Before considering expensive model fine-tuning, implement Retrieval-Augmented Generation (RAG). RAG dynamically retrieves information from a knowledge base to augment the prompt, solving most domain-specific problems efficiently. The recommended hierarchy is: Prompt Optimization -> Context Engineering -> RAG -> Fine-tuning.
Standard Retrieval-Augmented Generation (RAG) systems often fail because they treat complex documents as pure text, missing crucial context within charts, tables, and layouts. The solution is to use vision language models for embedding and re-ranking, making visual and structural elements directly retrievable and improving accuracy.
While prompt engineering is the interface, context engineering is the "magic" for production systems. It involves strategically managing what information (session history, knowledge base) fits into the model's limited context window. This art directly impacts both cost and performance.

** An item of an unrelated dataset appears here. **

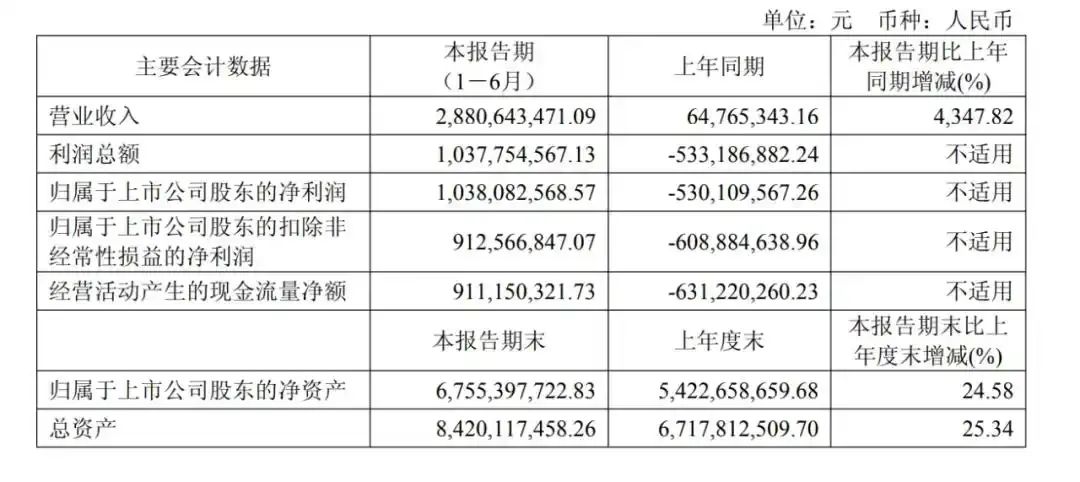 寒武纪股价飙升的背后,是业绩的爆发式增长。2025年上半年,寒武纪营业收入28.81亿元,同比增长4347.82%;实现净利润10.38亿元,同比扭亏。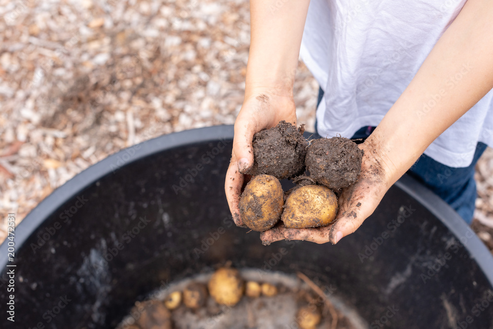 Cropped view of little girl holding freshly dug potatoes above bucket in garden (selective focus)

Splitting documents by a fixed token count is a common and costly error in RAG pipelines. According to a cited study, switching to an adaptive, meaning-based chunking strategy (e.g., by paragraph) can increase fully accurate answers from 13% to 50%.
Retrieval Augmented Generation (RAG) uses vector search to find relevant documents based on a user's query. This factual context is then fed to a Large Language Model (LLM), forcing it to generate responses based on provided data, which significantly reduces the risk of "hallucinations."
Teams often agonize over which vector database to use for their Retrieval-Augmented Generation (RAG) system. However, the most significant performance gains come from superior data preparation, such as optimizing chunking strategies, adding contextual metadata, and rewriting documents into a Q&A format.
LLMs in production don't often crash spectacularly. Instead, they introduce subtle, probabilistic errors—like incorrect enum values or missing fields—that are hard to debug because they lack clear error patterns, unlike deterministic code failures.